Before She Was Harriet
- Author: Lesa Cline-Ransome
- Illustrator: James Ransome
- Language: English
- Genre: Children's picture book
- Publisher: Holiday House
- Publication date: 2017
- Publication place: United States
- Media type: Print (hardcover)
- Pages: 32
- Awards: Coretta Scott King Award
- ISBN: 9780823420476
- OCLC: 51795

= Before She Was Harriet =

2017 book by Lesa Cline-Ransome

Before She Was Harriet is a 2017 children's picture book written by Lesa Cline-Ransome and illustrated by James Ransome, first published by Holiday House. It was awarded an honorary Coretta Scott King Award in 2018.

== Synopsis ==
This children's picture book details the life of Harriet Tubman in a free verse journey on a train. It begins with Tubman as an old woman and moves backwards chronologically. The author outlines the many roles of Tubman: a suffragist, a boatman who ferried slaves across the Combahee River, a Union spy, a nurse for soldiers, a savior who helped her parents flee from slavery, a conductor on the Underground Railroad, a slave named Minty, and finally a young slave named Araminta. She chooses to change her name to Harriet when she leaves slavery. The book ends with a picture of Tubman sitting on a train, finally free.

== Background ==
The book was written and illustrated by husband and wife team Lesa Cline-Ransome and James E. Ransome. They have previously collaborated on fifteen books together. Cline-Ransome was nervous about approaching a book on Tubman, as there were already so many of them. Her husband did some research and suggested she write about Tubman's many roles in life. Ransome had already illustrated books about slavery before, so finding references was not a problem. Instead of painting historically accurate images, he focused on making them emotionally accurate.

== Reception ==
Before She Was Harriet was very well received. The Horn Book Magazine wrote about James Ransome illustrating Harriet's face at different angles but always with determination. A starred Publishers Weekly review praises the author's use of beautiful concise language and the illustrator's "lush scenes." A starred Booklist review, mentions how the poetry is simple enough for children while still being sophisticated in content. The critic says, "Libraries likely already have many Harriet Tubman books, but this well designed, unique approach warrants making room for one more." The publication also included it in their list of the "Top 10 Biographies for Youth." Critics from Kirkus Reviews enjoyed James Ransom's double paged watercolor illustrations, as they would help children fix themselves "in each time and place as the text takes them further into the past." Barbara L. Talcroft from Children's Literature says, "Lesa Cline-Raonsome and James E. Ransome have created a fitting tribute to her with Before She Was Harriet. The Ransomes take readers on a journey through time, exploring the many roles Harriet Tubman assumed in her extraordinary life."

== Awards and honors ==
Before She Was Harriet is a Junior Library Guild book.

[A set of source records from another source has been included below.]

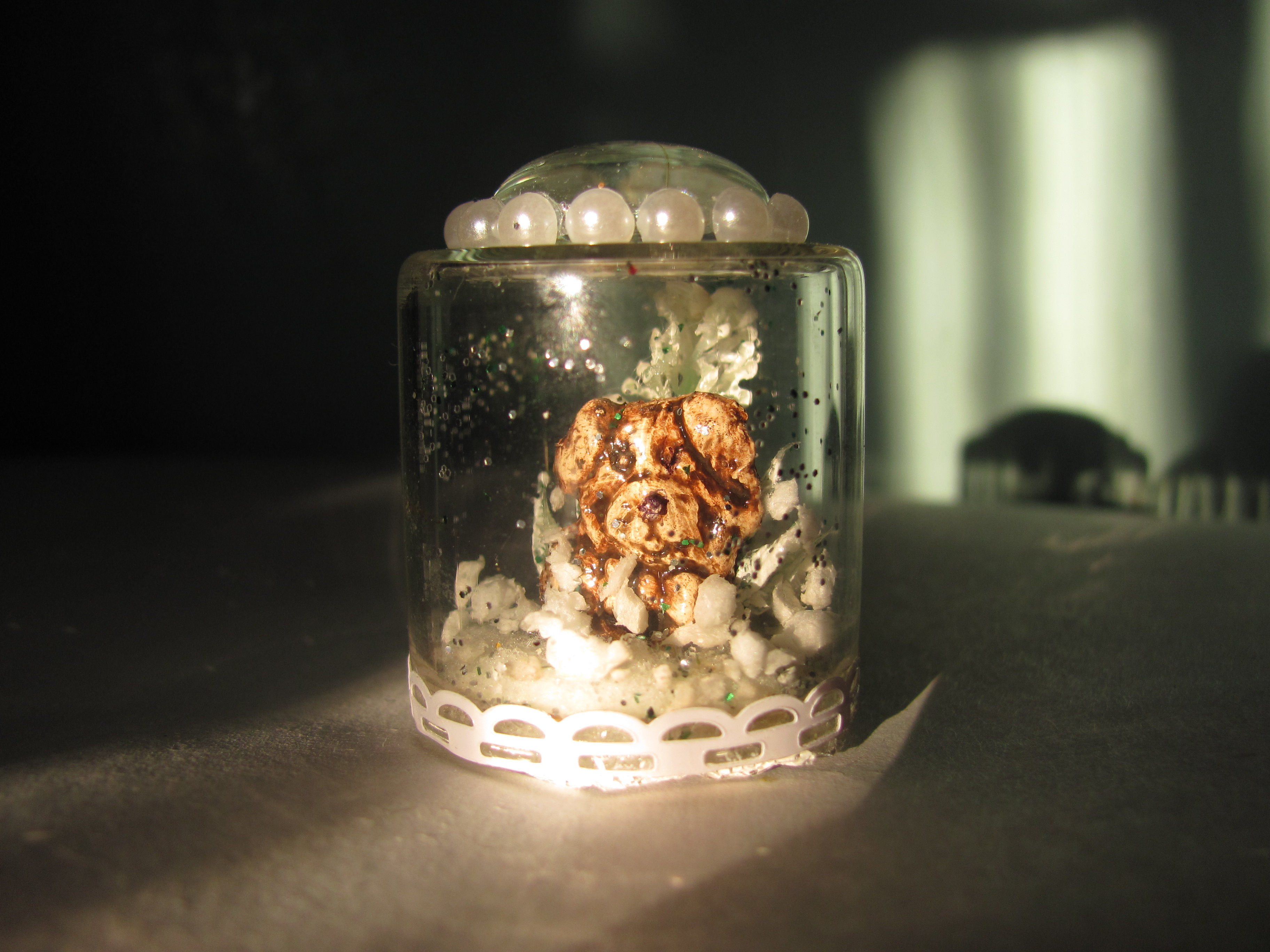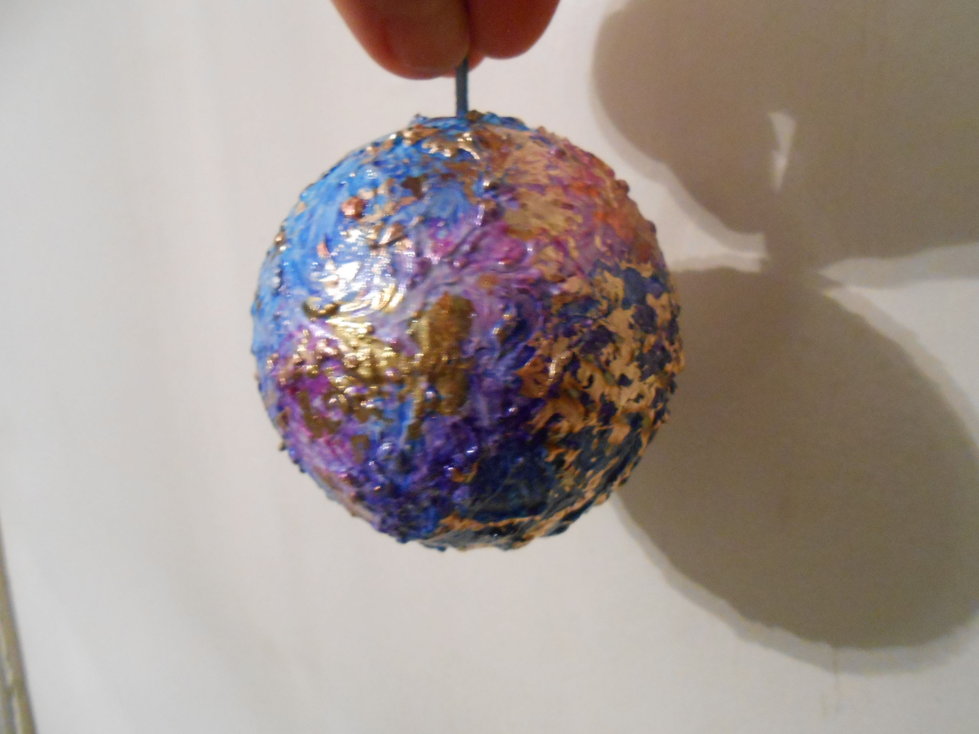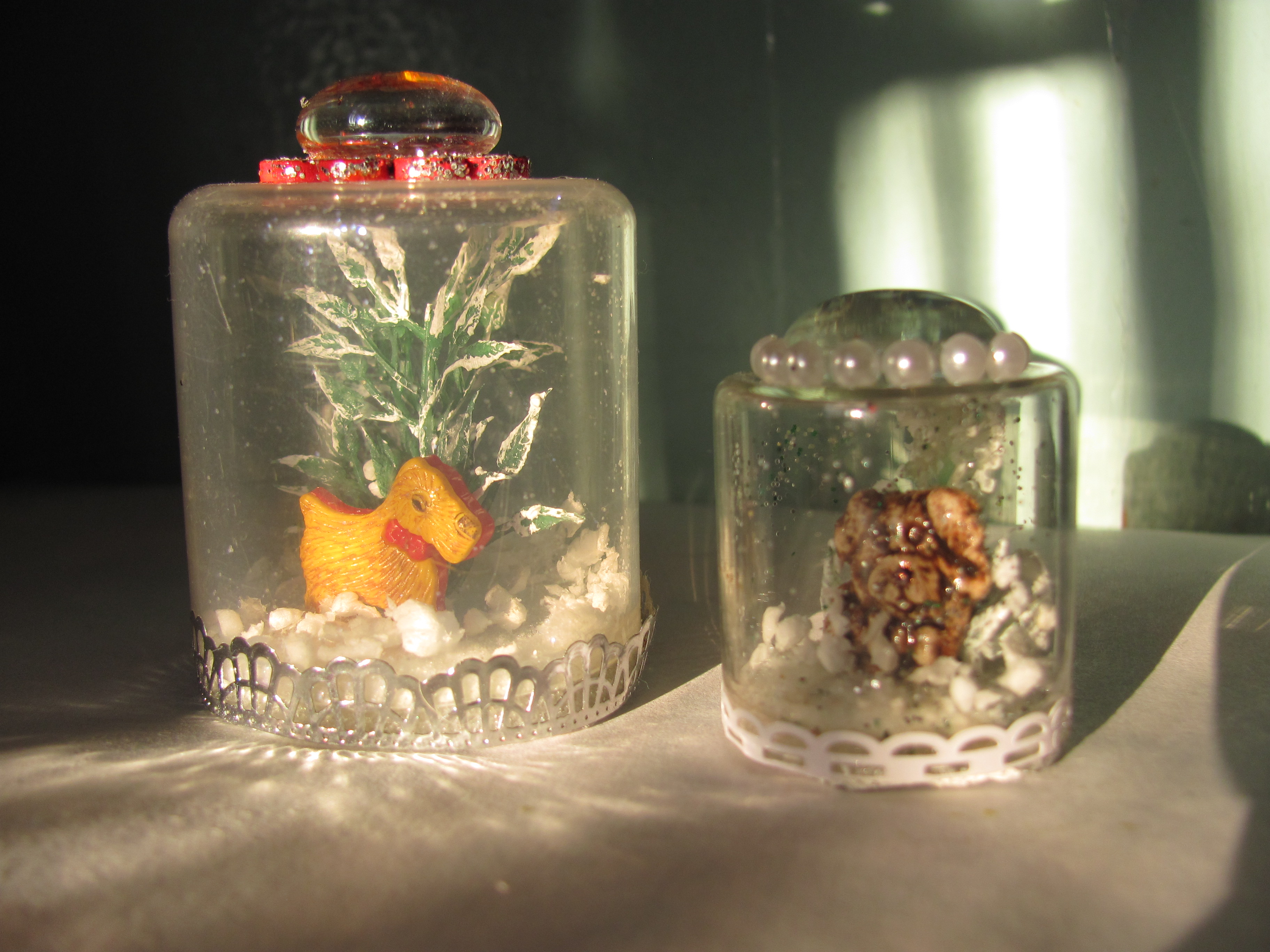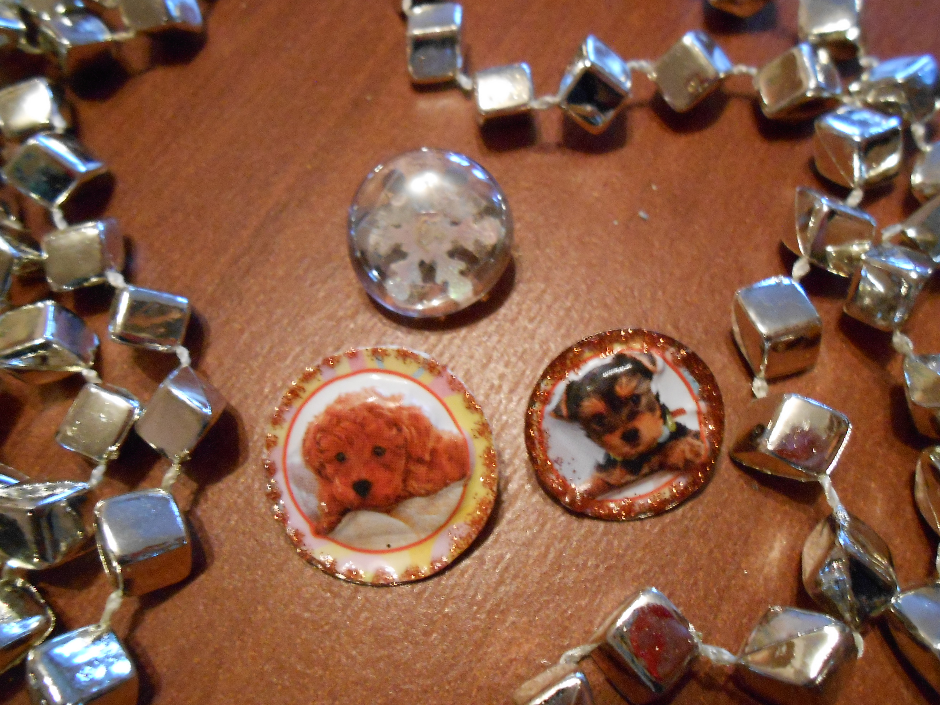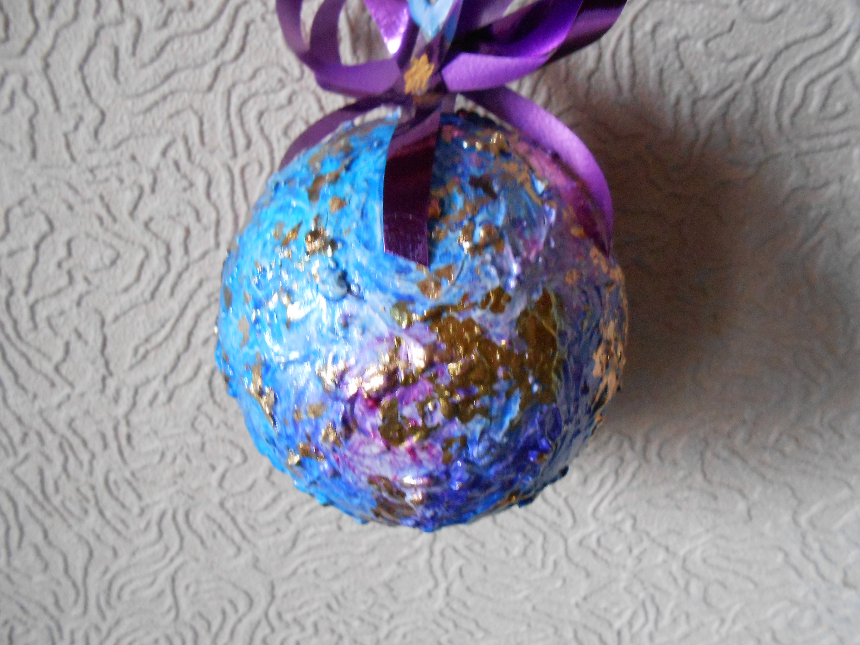 Использовала декупаж,интерферирующую акриловую краску,искусственный снег,полубусины,лак.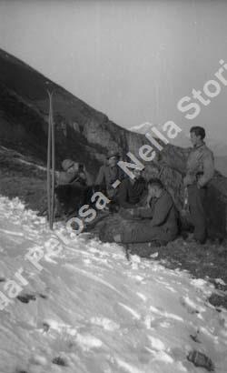Forse si tratta dei primi mesi del 1945. Gran Dubbione - Pinasca. Gruppo di partigiani. Con la pipa Ettore Serafino e a destra Angelo Squeri.
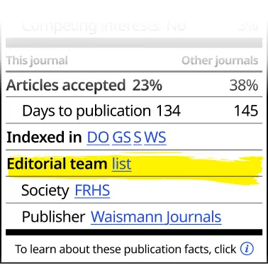 Editors, board members, authors, and reviewers are asked to verify their identities with the scholarly publishing organization ORCID, which also enables you to see their profiles by clicking on the green ORCID icon after their name.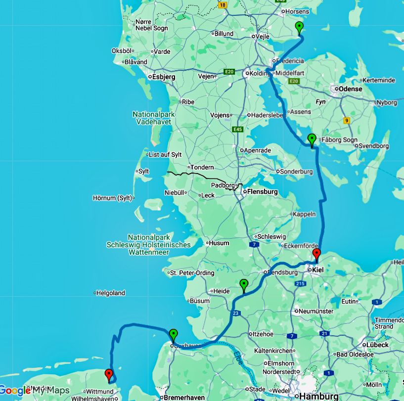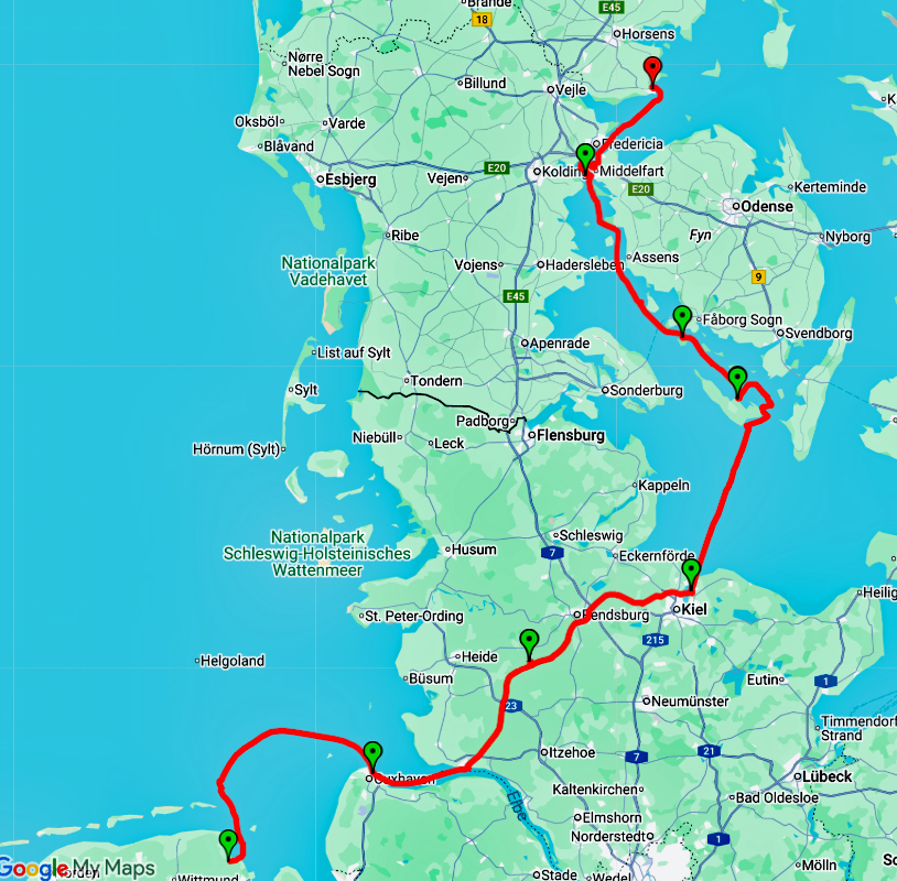 Hooksiel ⇒ Cuxhaven ⇒ NOK ⇒ Gieselaukanal ⇒ Möltenort ⇒ Ærøskøbing ⇒ Bucht vor Lyø ⇒ Bucht vor Middelfart ⇒ Juelsminde ⇒ Bucht vor Lyø ⇒ Bucht vor Möltenort ⇒ NOK - Gieselaukanal - Cuxhaven ⇒ Hooksiel

Booklist, the Center for the Study of Multicultural Children's Literature, the Chicago Public Library, Kirkus Reviews named Before She Was Harriet one of the best books of 2017. The following year, Booklist included it on their lists of the year's "Top 10 Diverse Picture Books" and "Top 10 Biographies for Youth".

The Association for Library Service to Children included the audiobook narrated by Sisi Aisha Johnson and others on their 2018 list of Notable Children's Recordings, and Booklist included it on their 2018 list of "Audio Stars for Youth".

Awards for Before She Was Harriet
| Year | Award | Result | Ref. |
| 2018 | Charlotte Zolotow Award | Honor |  |
| Christopher Award for Books for Children Ages 6 and up | Won |  |
| Coretta Scott King Award for Illustrator | Honor |  |
| Jane Addams Children's Book Award for Younger Reader | Honor |  |
| Maryland Blue Crab Young Reader Award for Transitional Nonfiction | Honor |  |
| NAACP Image Award for Outstanding Literary Work – Children | Finalist |  |

== Adaption ==
In February 2018, Dreamscape released a 7-minute film adaptation of Before She Was Harriet. The film's animation includes an adapted version of James E. Ransome's "lush and detailed watercolor illustrations", which Booklist's Jessica Lawrence notes "evoke the emotion, daring, and heroism of Tubman’s life". In a starred review of the film, Lawrence highlights how the film's "vivid background sounds and lovely violin, piano, and guitar music pair with Mia Ellis’ soothing narration, which conveys the transcendent human spirit of Harriet Tubman".